Give back an exact copy of the lines in the records below, from the line that has "The lifter is" through the line that has "2025 une année", and nothing besides.

Excerpts from a dataset
▬▬▬▬▬▬

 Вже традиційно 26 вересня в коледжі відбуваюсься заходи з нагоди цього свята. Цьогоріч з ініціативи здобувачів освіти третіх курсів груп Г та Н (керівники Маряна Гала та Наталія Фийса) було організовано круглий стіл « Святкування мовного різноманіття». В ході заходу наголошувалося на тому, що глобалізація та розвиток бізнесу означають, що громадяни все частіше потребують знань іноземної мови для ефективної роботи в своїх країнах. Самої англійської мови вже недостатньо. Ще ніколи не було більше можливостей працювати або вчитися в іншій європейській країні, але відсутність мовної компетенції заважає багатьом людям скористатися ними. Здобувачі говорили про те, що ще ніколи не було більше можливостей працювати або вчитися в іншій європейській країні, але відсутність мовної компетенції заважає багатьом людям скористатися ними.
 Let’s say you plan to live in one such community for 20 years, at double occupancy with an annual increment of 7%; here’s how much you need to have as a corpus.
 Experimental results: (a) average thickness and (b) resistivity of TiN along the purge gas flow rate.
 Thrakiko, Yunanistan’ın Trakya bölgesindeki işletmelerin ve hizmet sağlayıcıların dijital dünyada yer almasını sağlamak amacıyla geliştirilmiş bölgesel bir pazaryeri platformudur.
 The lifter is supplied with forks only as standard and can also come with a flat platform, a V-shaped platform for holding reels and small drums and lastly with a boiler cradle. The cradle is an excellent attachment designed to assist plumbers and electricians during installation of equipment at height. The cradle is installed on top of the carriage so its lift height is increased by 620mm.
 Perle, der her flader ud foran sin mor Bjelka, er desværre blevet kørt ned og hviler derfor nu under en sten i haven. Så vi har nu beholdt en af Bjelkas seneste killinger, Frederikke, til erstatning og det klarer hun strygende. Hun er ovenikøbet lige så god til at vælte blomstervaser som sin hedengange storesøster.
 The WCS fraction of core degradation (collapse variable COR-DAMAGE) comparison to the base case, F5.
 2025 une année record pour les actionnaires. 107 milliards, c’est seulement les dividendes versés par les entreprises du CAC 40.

▬▬▬▬▬▬

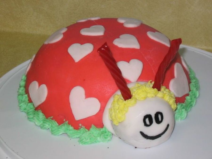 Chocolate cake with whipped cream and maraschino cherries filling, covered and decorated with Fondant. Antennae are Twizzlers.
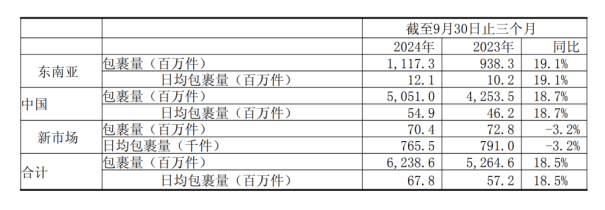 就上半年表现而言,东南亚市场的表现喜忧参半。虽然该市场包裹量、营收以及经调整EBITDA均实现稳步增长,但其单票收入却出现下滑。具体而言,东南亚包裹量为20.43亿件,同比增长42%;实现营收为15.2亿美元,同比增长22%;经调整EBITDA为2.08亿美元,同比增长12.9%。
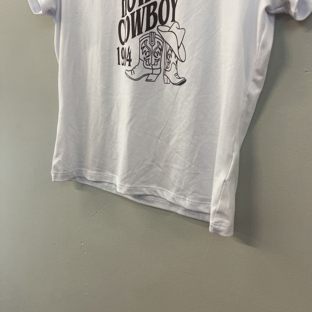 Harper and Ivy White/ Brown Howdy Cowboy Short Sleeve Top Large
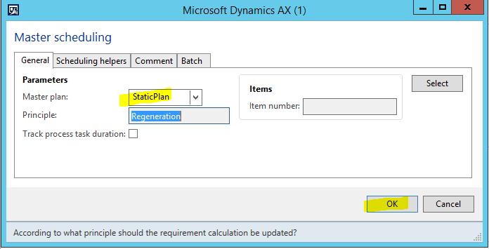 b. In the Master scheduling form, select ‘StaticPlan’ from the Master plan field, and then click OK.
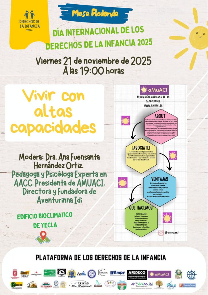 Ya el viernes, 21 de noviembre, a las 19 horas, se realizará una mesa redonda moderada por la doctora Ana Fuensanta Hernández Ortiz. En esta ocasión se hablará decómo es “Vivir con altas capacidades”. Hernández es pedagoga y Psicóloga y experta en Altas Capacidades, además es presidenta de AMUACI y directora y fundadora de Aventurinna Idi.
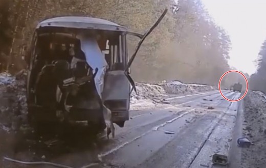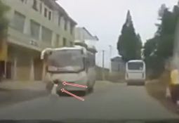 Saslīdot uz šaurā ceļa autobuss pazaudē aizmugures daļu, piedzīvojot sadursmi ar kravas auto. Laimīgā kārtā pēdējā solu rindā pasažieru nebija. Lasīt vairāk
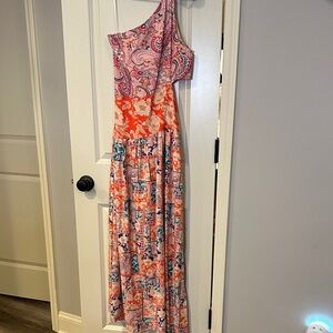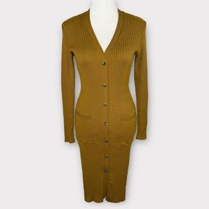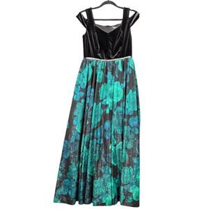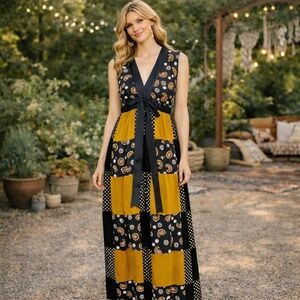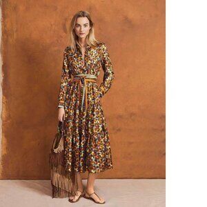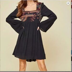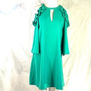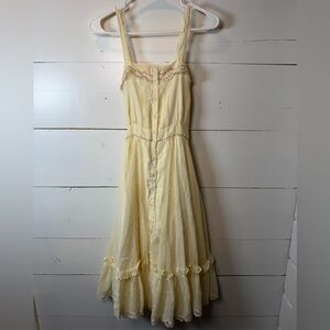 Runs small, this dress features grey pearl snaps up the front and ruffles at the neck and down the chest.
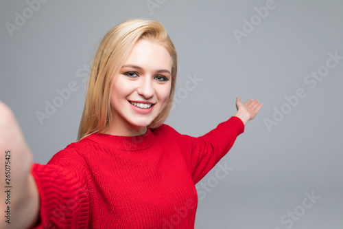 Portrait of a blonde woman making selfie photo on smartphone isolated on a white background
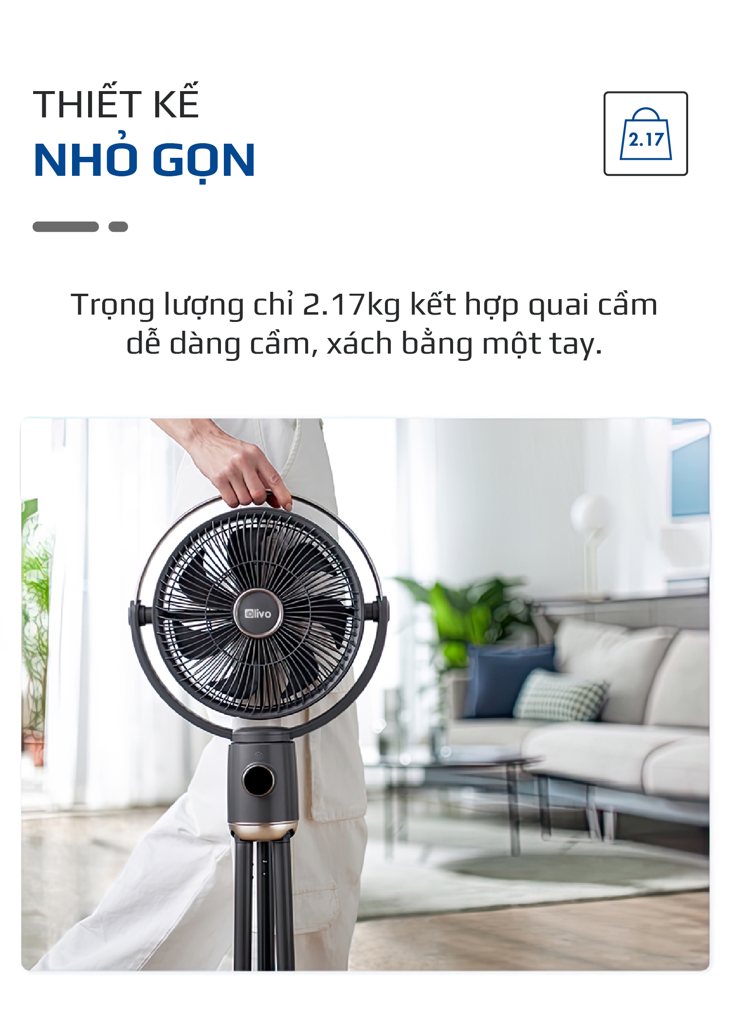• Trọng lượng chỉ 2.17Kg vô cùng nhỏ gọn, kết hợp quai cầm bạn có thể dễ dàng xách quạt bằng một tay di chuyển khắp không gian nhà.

▬▬▬▬▬▬

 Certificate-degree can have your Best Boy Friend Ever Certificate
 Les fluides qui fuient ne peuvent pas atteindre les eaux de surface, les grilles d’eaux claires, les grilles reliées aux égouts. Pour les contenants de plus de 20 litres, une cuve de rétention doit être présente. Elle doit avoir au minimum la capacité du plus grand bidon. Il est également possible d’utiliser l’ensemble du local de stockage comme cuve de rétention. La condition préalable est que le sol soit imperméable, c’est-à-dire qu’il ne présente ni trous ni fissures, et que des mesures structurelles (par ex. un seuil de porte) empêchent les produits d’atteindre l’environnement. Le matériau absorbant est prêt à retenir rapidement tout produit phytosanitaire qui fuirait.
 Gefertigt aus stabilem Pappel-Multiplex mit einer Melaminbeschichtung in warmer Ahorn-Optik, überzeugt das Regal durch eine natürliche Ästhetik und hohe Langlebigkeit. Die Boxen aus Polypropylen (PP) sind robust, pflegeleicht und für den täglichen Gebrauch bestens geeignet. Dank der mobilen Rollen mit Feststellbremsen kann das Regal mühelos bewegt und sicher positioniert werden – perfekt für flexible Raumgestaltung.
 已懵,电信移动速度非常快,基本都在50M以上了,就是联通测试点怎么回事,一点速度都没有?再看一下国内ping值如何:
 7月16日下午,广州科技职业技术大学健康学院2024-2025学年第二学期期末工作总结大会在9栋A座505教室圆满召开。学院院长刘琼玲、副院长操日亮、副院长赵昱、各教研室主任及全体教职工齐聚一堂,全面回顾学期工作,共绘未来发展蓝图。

▬▬▬▬▬▬

- Written reply
 The lifter is supplied with forks only as standard and can also come with a flat platform, a V-shaped platform for holding reels and small drums and lastly with a boiler cradle. The cradle is an excellent attachment designed to assist plumbers and electricians during installation of equipment at height. The cradle is installed on top of the carriage so its lift height is increased by 620mm.
 Perle, der her flader ud foran sin mor Bjelka, er desværre blevet kørt ned og hviler derfor nu under en sten i haven. Så vi har nu beholdt en af Bjelkas seneste killinger, Frederikke, til erstatning og det klarer hun strygende. Hun er ovenikøbet lige så god til at vælte blomstervaser som sin hedengange storesøster.
 The WCS fraction of core degradation (collapse variable COR-DAMAGE) comparison to the base case, F5.
 2025 une année record pour les actionnaires. 107 milliards, c’est seulement les dividendes versés par les entreprises du CAC 40.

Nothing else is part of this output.